Task to carry out: Copy exactly every line below, from the first through the one that contains "A cute pug face", and skip all pictures.

Task data:
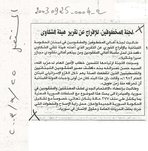 لجنة المخطوفين تدعو الى نبش كل المقابر ووقف المتاجرة السياسية وجعجع يطالب بتحقيق دولي، ميليس يودع لبنان: اكتمال التحقيق سيستغرق سنوات، استجوابات فيينا تستكمل اليوم وترجح الانتقال الى مرحلة الاشتباه
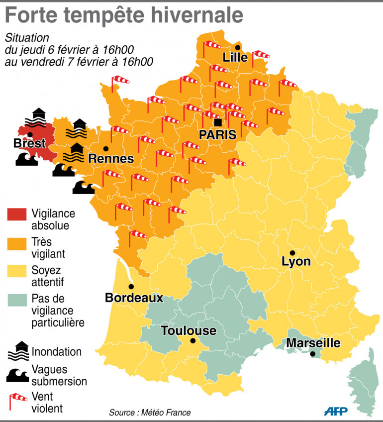 Les prévisions météo du jeudi 6 février 16h au vendredi 7 16h
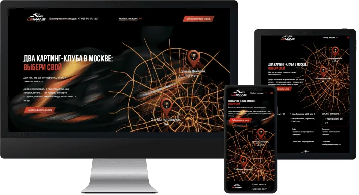 Le Mans Karting – картинг-центр, предлагающий аренду трассы, заезды и проведение корпоративных мероприятий. Компания ориентирована на частных клиентов и бизнес-аудиторию, для которых важны удобство бронирования, понятная подача услуг и современный формат взаимодействия с сайтом. При работе над проектом мы учитывали развлекательную специфику бизнеса и необходимость быстро вовлекать пользователя и подводить его к записи.
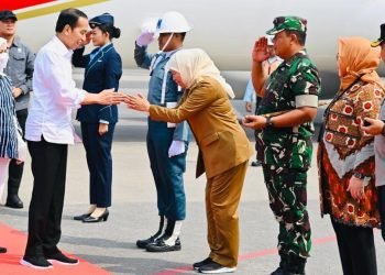 Presiden Joko Widodo dan Ibu Iriana Joko Widodo tiba di Bandara Internasional Juanda, Kabupaten Sidoarjo, Provinsi Jawa Timur, pada Selasa, ...
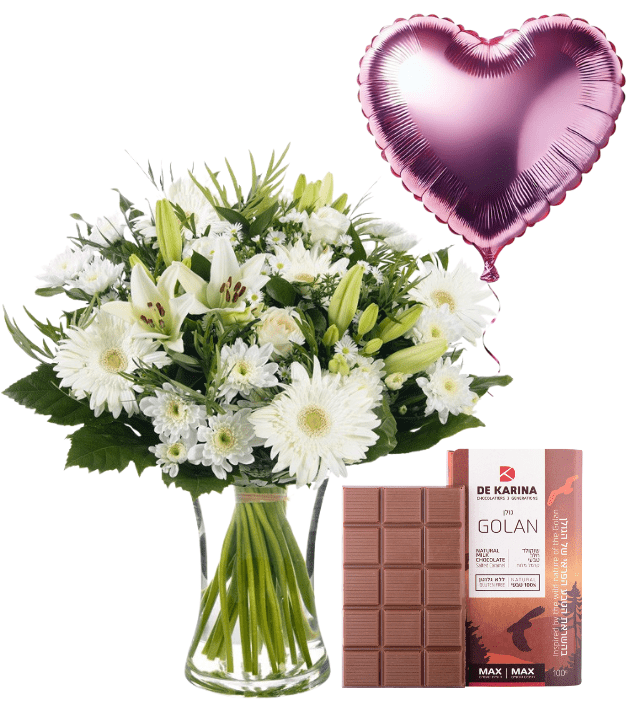 זר שבתות בינוני בלון לב ורוד ושוקולד גולן חלב כרמל
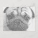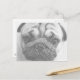 A cute pug face with carved effect applied to design. Custom postcards. Lines of different width creating the image. Gift idea for people that love pugs.
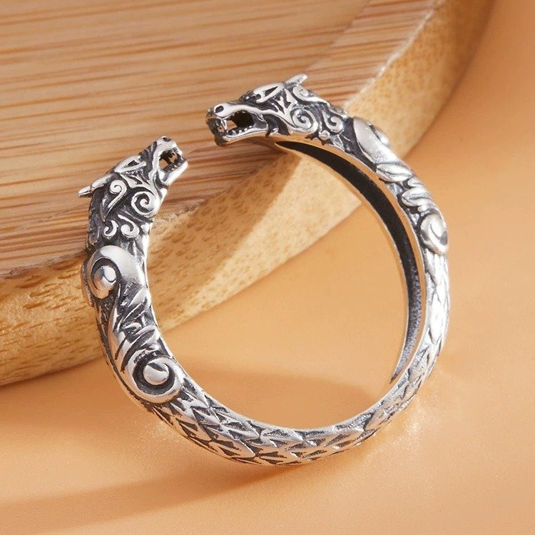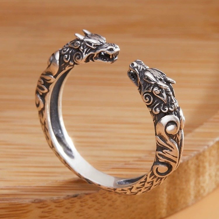 Inspired by Tibetan Buddhist symbolism and ancient Eastern mythology, this pure silver double dragon pearl vintage men’s ring represents power, protection, and harmony.
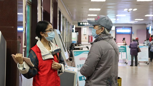 14:40,在护士的安排下,志愿者们被分配到了不同的岗位上,有的负责为患者引导科室位置,有的负责在门诊大厅维持秩序,还有的负责帮助患者及其家属操作自助服务机。在护士向志愿者们介绍了自助机器的操作流程后,志愿者们使用起来也更加得心应手,成功帮助患者们完成挂号或缴费流程。看到没戴好口罩、排队间距过近的患者,在一旁的志愿者李咪立马上前提醒。在不断的学习和实践中,志愿者们的应变能力也随之提高,能够更加从容地面对新的问题和状况。

Problem solution:
 لجنة المخطوفين تدعو الى نبش كل المقابر ووقف المتاجرة السياسية وجعجع يطالب بتحقيق دولي، ميليس يودع لبنان: اكتمال التحقيق سيستغرق سنوات، استجوابات فيينا تستكمل اليوم وترجح الانتقال الى مرحلة الاشتباه
 Les prévisions météo du jeudi 6 février 16h au vendredi 7 16h
 Le Mans Karting – картинг-центр, предлагающий аренду трассы, заезды и проведение корпоративных мероприятий. Компания ориентирована на частных клиентов и бизнес-аудиторию, для которых важны удобство бронирования, понятная подача услуг и современный формат взаимодействия с сайтом. При работе над проектом мы учитывали развлекательную специфику бизнеса и необходимость быстро вовлекать пользователя и подводить его к записи.
 Presiden Joko Widodo dan Ibu Iriana Joko Widodo tiba di Bandara Internasional Juanda, Kabupaten Sidoarjo, Provinsi Jawa Timur, pada Selasa, ...
 זר שבתות בינוני בלון לב ורוד ושוקולד גולן חלב כרמל
 A cute pug face with carved effect applied to design. Custom postcards. Lines of different width creating the image. Gift idea for people that love pugs.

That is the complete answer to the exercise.